Con la llegada de la primavera, la Ría de Muros Noia se convierte en un escenario que parece sacado de un cuento. Este rincón de Galicia, donde la costa atlántica se mezcla con bosques, historia y playas tranquilas, ofrece al viajero una experiencia auténtica. Poco conocida frente a otras rutas turísticas gallegas, la Ría de Muros Noia guarda paisajes, leyendas y rutas que conectan con la naturaleza, la memoria y la emoción. Aquí, cada paso te acerca a una Galicia más íntima, más salvaje, más tuya.

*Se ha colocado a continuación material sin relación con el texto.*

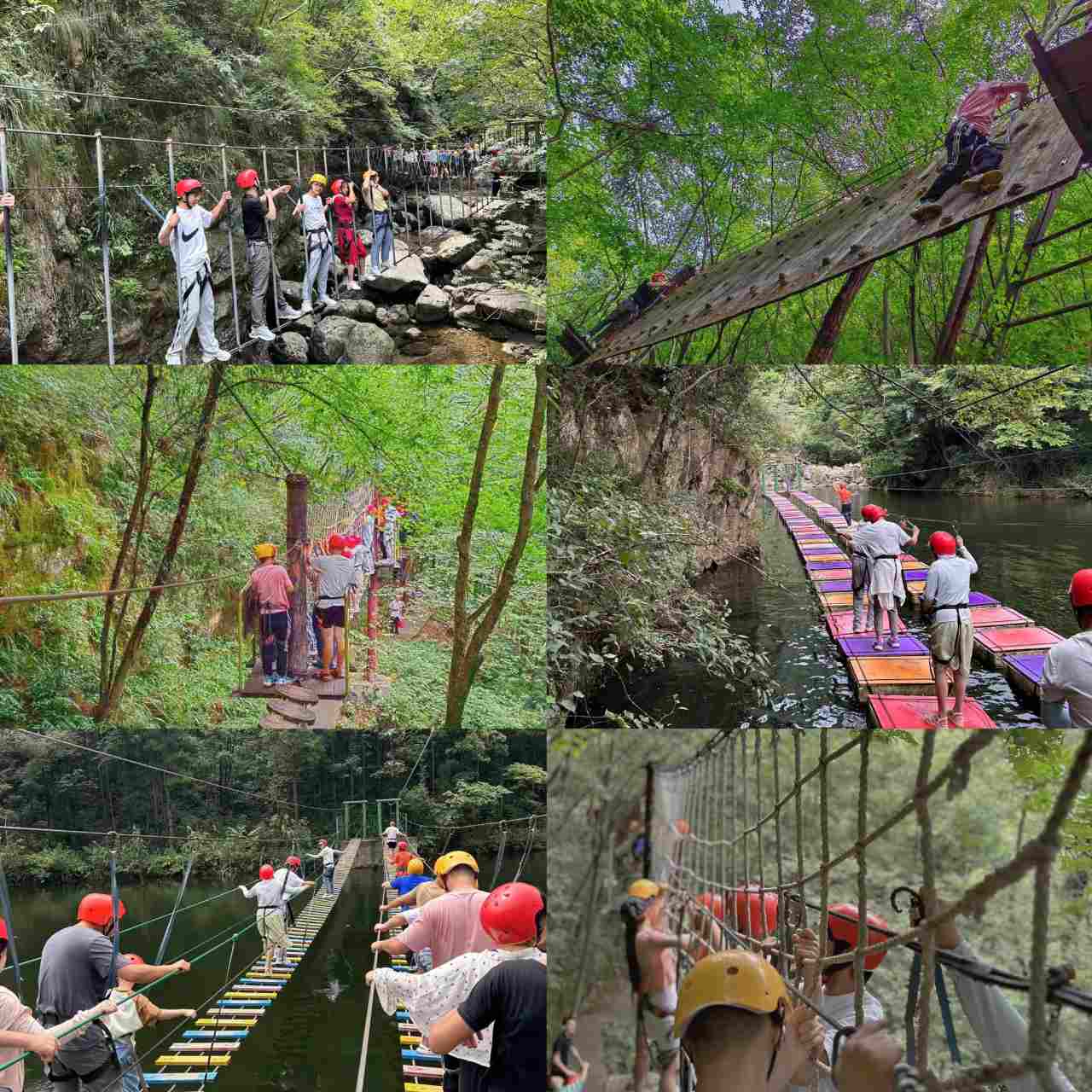 當(dāng)然不止有驚險(xiǎn)刺激的漂流,我們還帶大家體驗(yàn)了集水上、叢林、高空為一系列的空中漫步樂園,看得出來每一位小伙伴都十分勇敢呀。大家合作的也十分愉快,這都是平時(shí)日積月累的默契帶來的~

Fervenza de Ribasieira, entre rocas y vegetación
En la Serra do Barbanza, esta cascada formada por el río Sieira cae en tres saltos de hasta quince metros. El agua fluye sobre las rocas. La vegetación lo envuelve todo. El sonido del entorno crea una atmósfera mágica, perfecta para quien busca reconectar con la naturaleza. Puede accederse a pie o en coche, y el camino atraviesa zonas tan singulares como el Curro da Enxa, donde aún se celebra la tradicional rapa de las bestas.
Plaza do Tapal, una cápsula medieval
En el corazón de Noia, la Plaza do Tapal conserva el aire de otra época. Presidida por la iglesia de San Martiño y un cruceiro gótico, fue espacio fortificado y testigo de revueltas irmandiñas. En sus muros se esconden leyendas que sobreviven desde la Edad Media. Incluso fue escenario de un rodaje trágico en el siglo XX. Hoy, se llena de vida gracias a sus terrazas, que miran de frente al pasado mientras ofrecen al visitante un descanso con sabor local.

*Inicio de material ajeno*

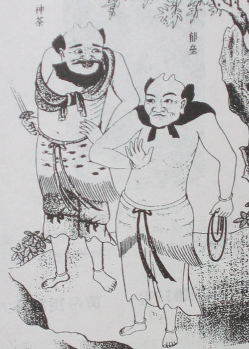 據(jù)漢代《河圖括地象》記載:桃都山有大桃樹(shù),盤曲三千里。上有金雞,日照則鳴;下有二神人,左神荼,右郁壘。相傳,天帝怕鬼怪下山到人間作祟,派了兩個(gè)神將去把守,一個(gè)叫神荼,一個(gè)叫郁壘。這兩個(gè)神的名字有特別的念法,神荼要念“伸舒”,郁壘要念“郁律”。兩員神將專門監(jiān)察鬼怪的行為。發(fā)現(xiàn)哪個(gè)鬼怪為非作歹,便用草繩捆起來(lái)送去喂老虎。五龍口民間相傳:“小鬼怕雞叫”。黎明時(shí)分,桃都山的神荼、郁壘專捉不祥之鬼。雄雞啼叫,嚇得魑魅魍魎統(tǒng)統(tǒng)奔逃,旭日才敢紅著臉緩緩升起。傳說(shuō),后羿上射九日,下殺怪獸,是人們心目中的英雄,但因射殺了天帝的兒子,故雖貴為天神卻不得善終,被小人寒浞雇兇用桃都山的桃木棍擊死。從此,桃木也就具有了避邪的功能。古時(shí)候,人們逢年過(guò)節(jié)總要在大門上懸掛桃枝,有的還要畫上神荼、郁壘等一些吉祥的符號(hào),稱之為“桃符”。宋代王安石詩(shī)云:“千門萬(wàn)戶瞳瞳日,總把新桃換舊符”,就是這個(gè)意思。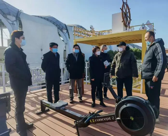 考察团在青奥羊山湖基地三楼露台,现场体验了测功仪。
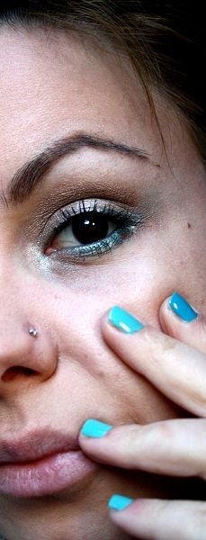 Вчера момичета, се гримирах за едно излизане - неутрален цвят на подвижния клепач, с потъмняване на коста и едно такова ментово-тюркоазено във водната линия. Ей, Бога ми, щях да ослепея  ooooh! То не беше сълзене, не беше рев... Едните сенки се разпрашиха страшно и ми се разказа играта  Tired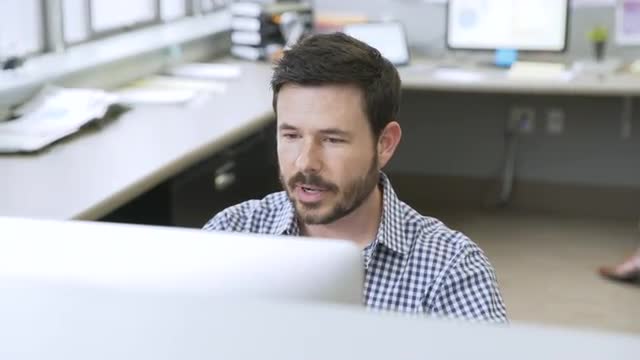 > Businessman video chatting in startup office

Playa de Broña, entre calma y horizonte
Ideal para quienes buscan mar sin aglomeraciones. Esta playa ofrece un sendero costero que une varios rincones: Bitueira, Portiño, restos de embarcaderos, bifurcaciones y vistas al Atlántico. El paseo es sencillo, inmersivo y sorprendente en cada curva. Como broche, nada mejor que una parada en O Container, un chiringuito rodeado de árboles, frente al mar y pet friendly. Perfecto para un respiro primaveral junto a la brisa.
Ruta de las Papeleras, un paseo inesperado
En Lousame, esta ruta sigue el curso del río hasta los restos de antiguas fábricas de papel. La naturaleza lo ha ido reclamando todo. Ruinas cubiertas de vegetación, sonidos de aves y agua. El silencio envuelve un recorrido que fusiona pasado industrial con un presente completamente natural. Especialmente bello en primavera, cuando los colores y aromas se intensifican.
Galicia desde otro ángulo
Este destino propone una forma diferente de conocer Galicia. Menos masiva, más profunda. Una escapada para quienes quieren sentir el lugar. Para los que prefieren caminos con historia a monumentos. Para quienes disfrutan tanto del senderismo como de una buena comida frente al mar.
Ría da Estrela, postales sin filtros
Todo en esta zona —la luz, el agua, las piedras, los verdes— parece creado para detener el tiempo. Desde la ribera hasta el monte. Desde las rutas señalizadas hasta los rincones secretos. Un lugar donde cada paso es una historia y cada paisaje, una emoción.